Given data START

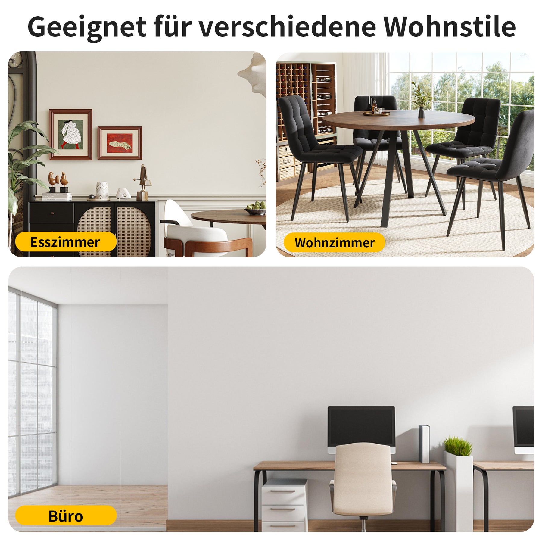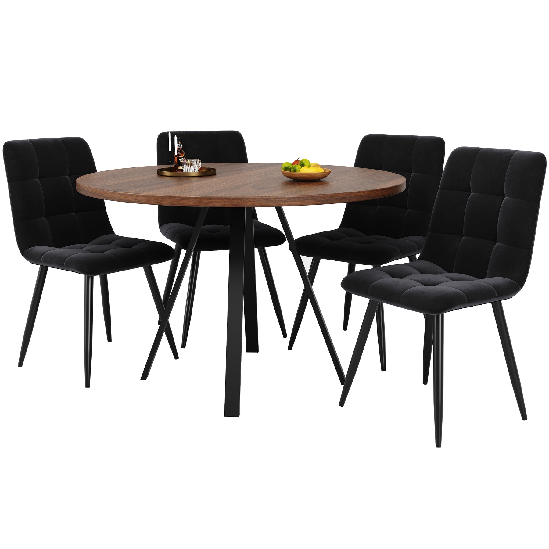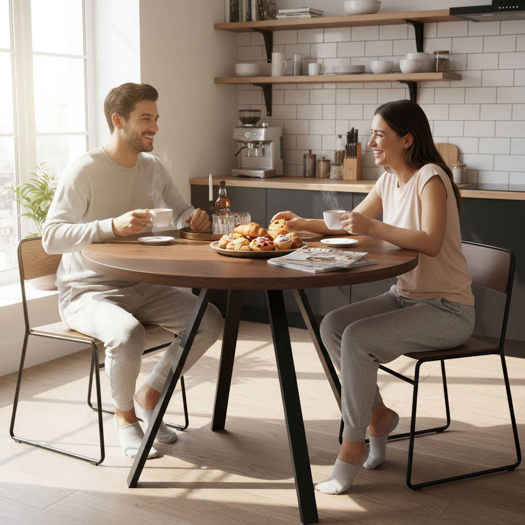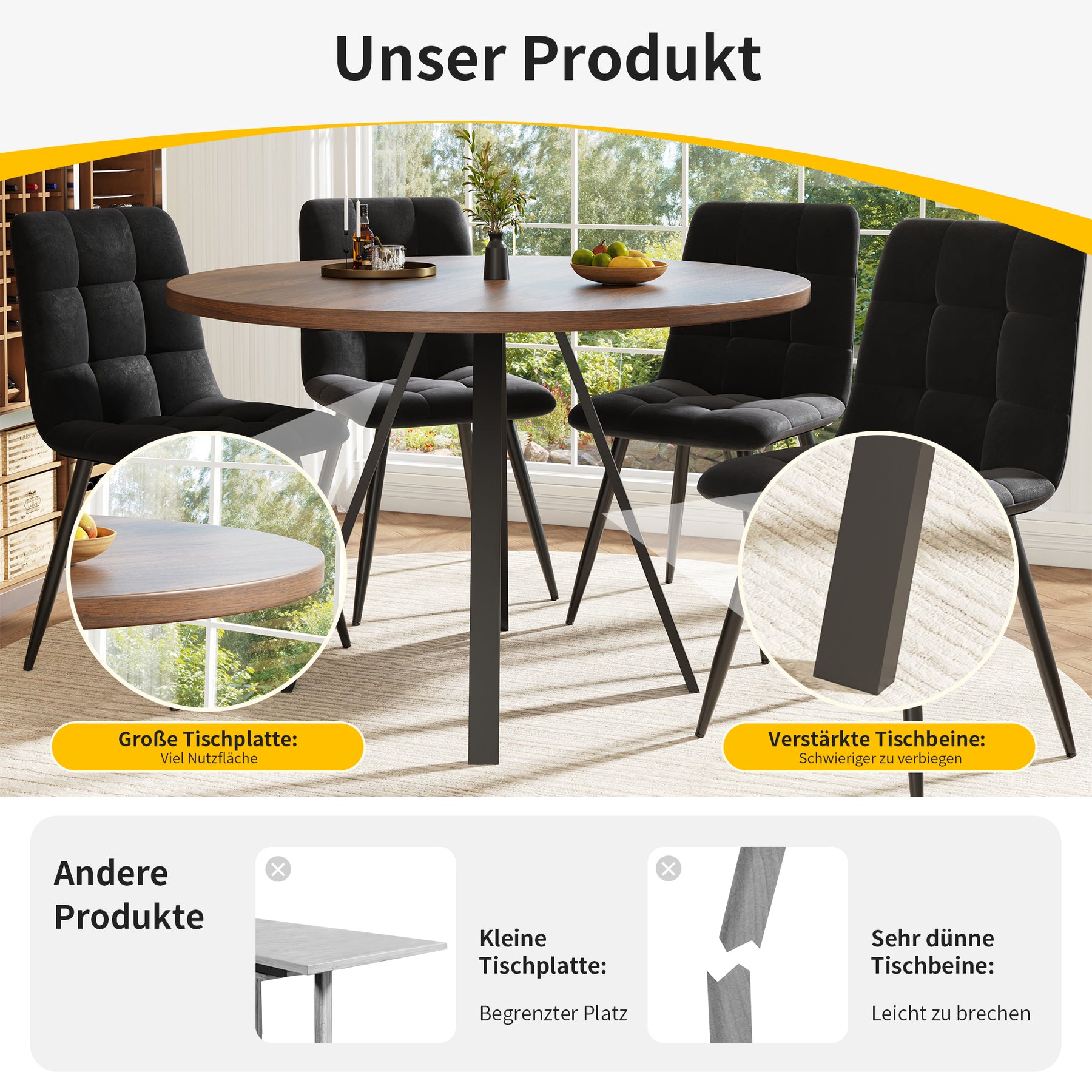 - Design rétro et élégant : La table ronde en finition noyer et pieds noirs s’intègre harmonieusement dans tous les styles d’intérieur, apportant une note sophistiquée et chaleureuse à votre espace.
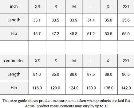 This size guide shows product measurements taken when products are laid flat. Actual product measurements may vary by up to 1".
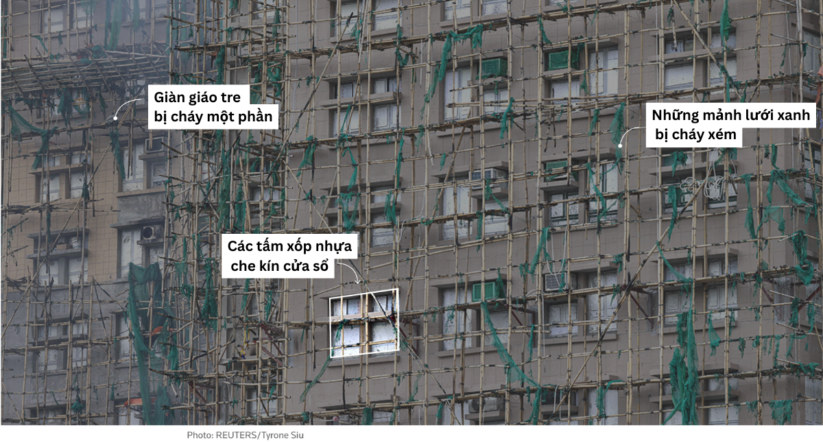 Giàn giáo tre, lưới bảo hộ che quanh tòa nhà cùng các tấm xốp nhựa che kín cửa sổ được cho là nguyên nhân khiến đám cháy lan rộng trong nhiều giờ. (Ảnh: REUTERS)
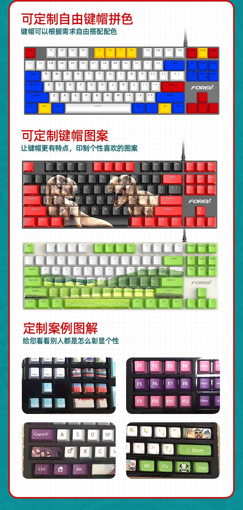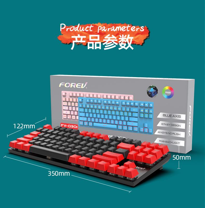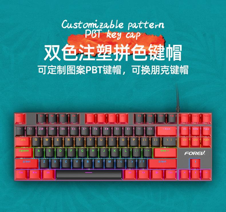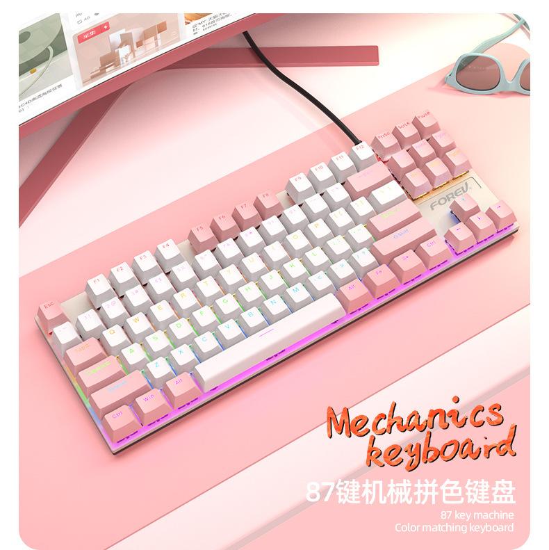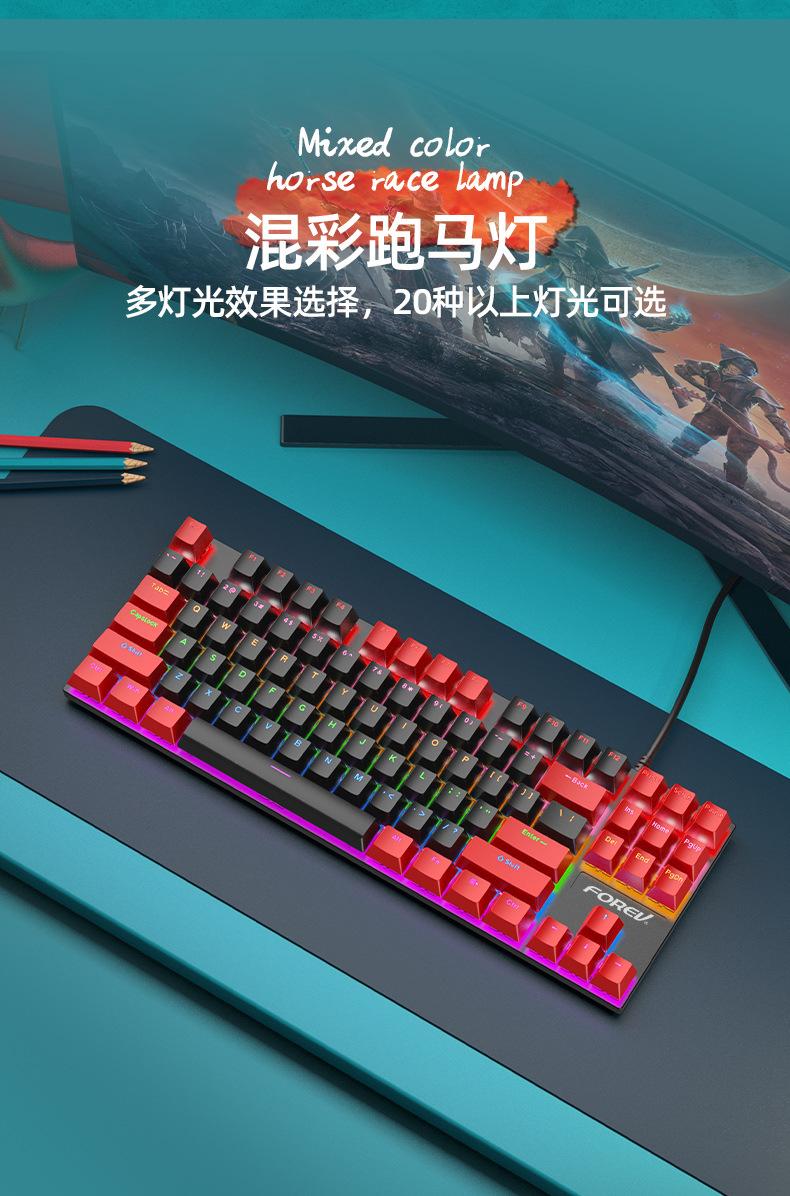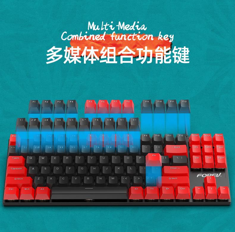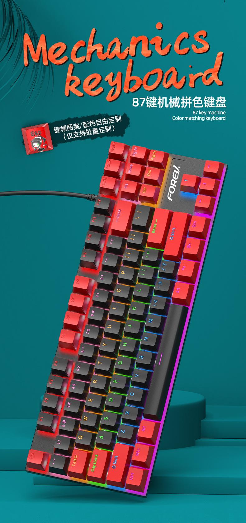 Teclado Mecánico de 87 Teclas con Combinación de Colores Personalizado Fvq301 Eje Plug-In Eje Verde Gaming E-Sports Luminoso Alámbrico Teclado Mecánico
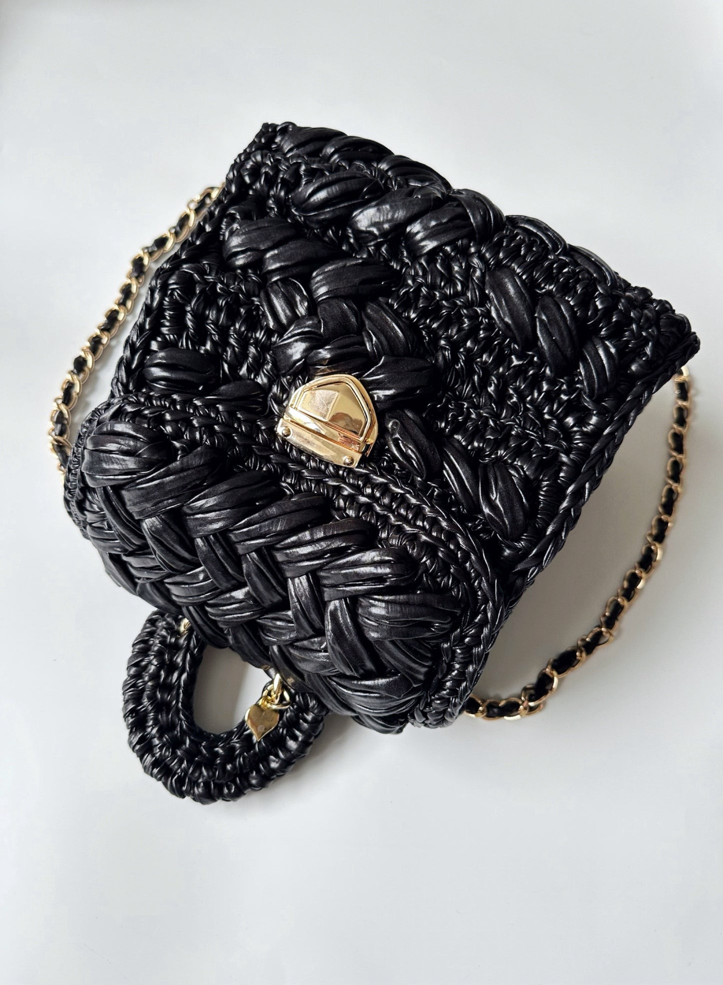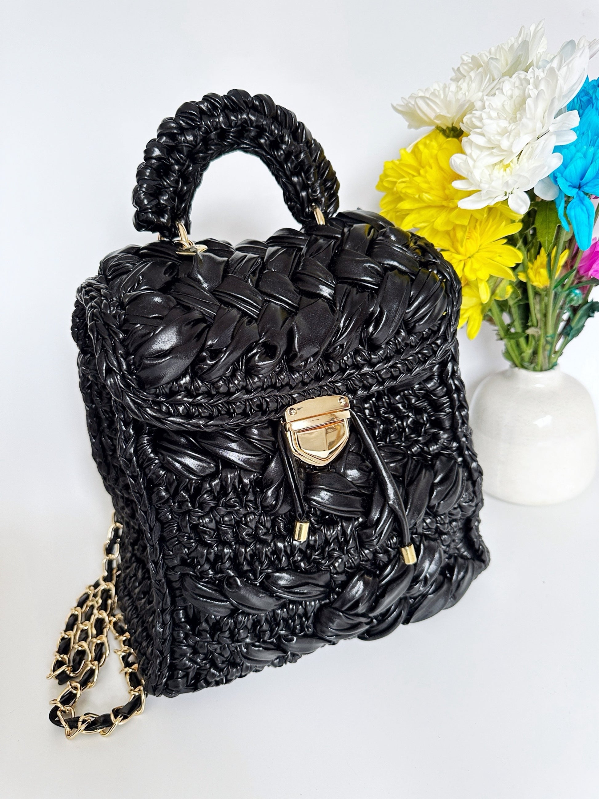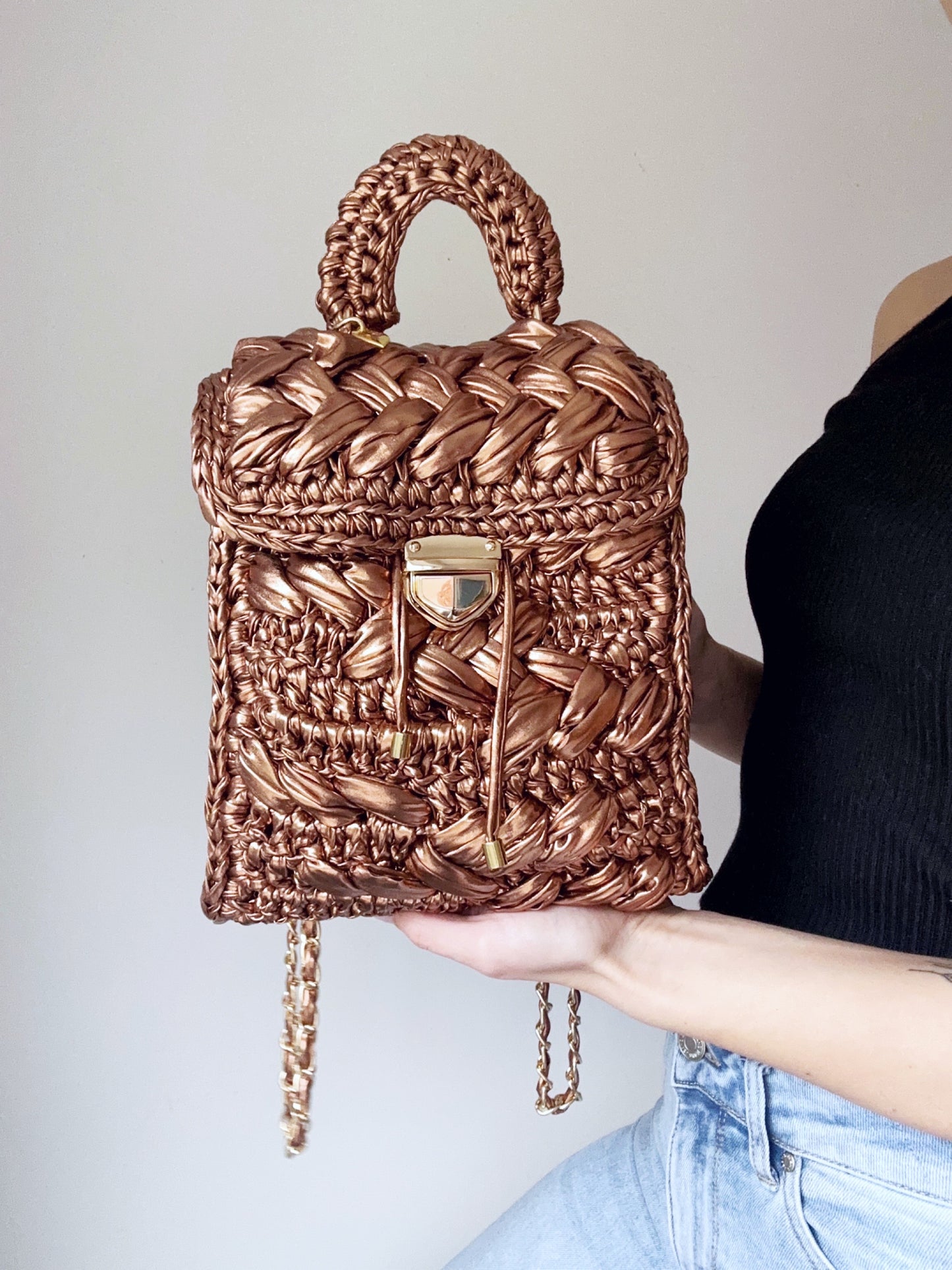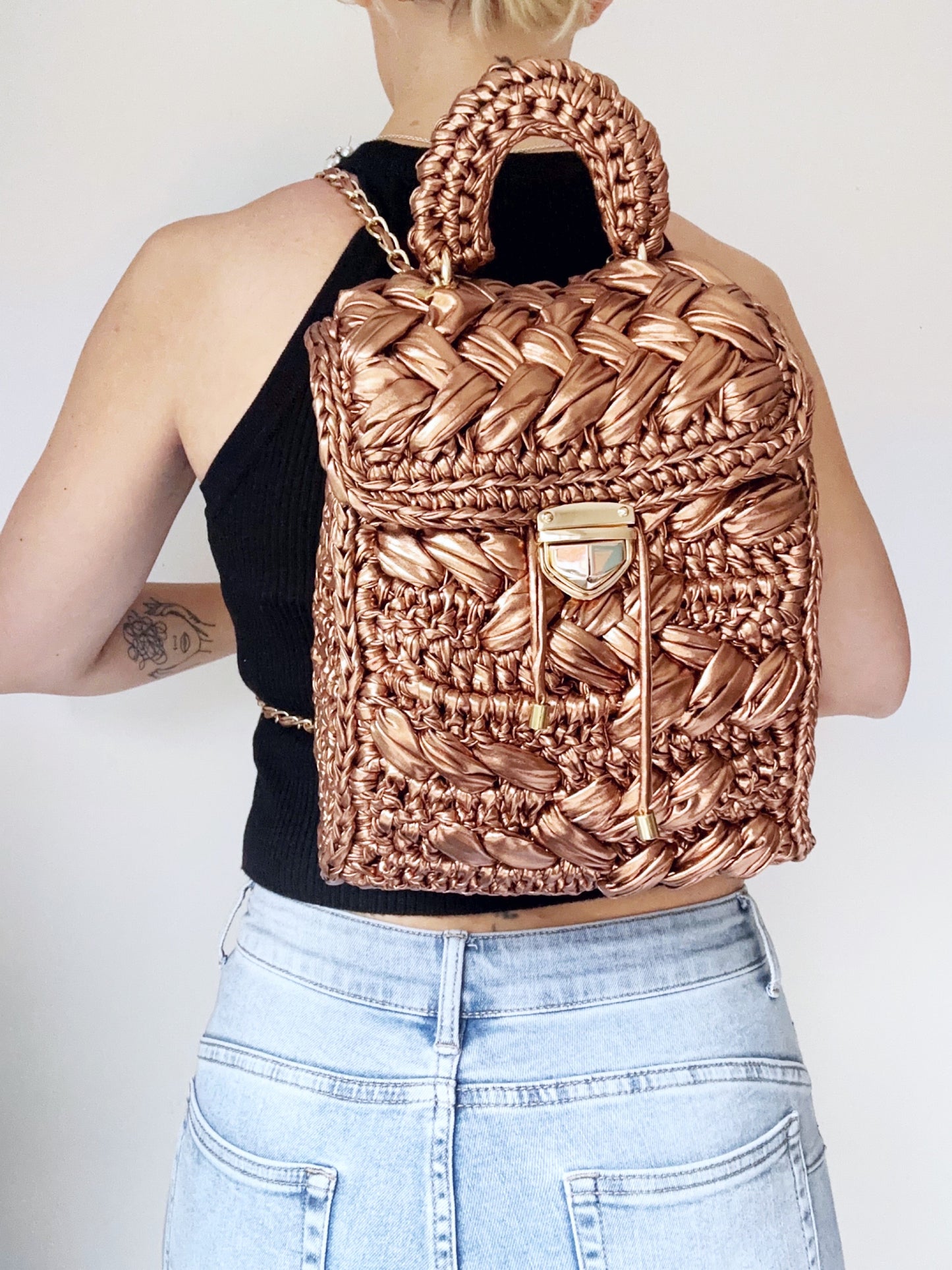 Made by Metallic Premium Yarn look leather (polyester 100%).

Given data END

- **What you will do**:
Since the copy must exclude the pictures, transcribe only the text of the records, word for word.

- **Response to this task**:
 - Design rétro et élégant : La table ronde en finition noyer et pieds noirs s’intègre harmonieusement dans tous les styles d’intérieur, apportant une note sophistiquée et chaleureuse à votre espace.
 This size guide shows product measurements taken when products are laid flat. Actual product measurements may vary by up to 1".
 Giàn giáo tre, lưới bảo hộ che quanh tòa nhà cùng các tấm xốp nhựa che kín cửa sổ được cho là nguyên nhân khiến đám cháy lan rộng trong nhiều giờ. (Ảnh: REUTERS)
 Teclado Mecánico de 87 Teclas con Combinación de Colores Personalizado Fvq301 Eje Plug-In Eje Verde Gaming E-Sports Luminoso Alámbrico Teclado Mecánico
 Made by Metallic Premium Yarn look leather (polyester 100%).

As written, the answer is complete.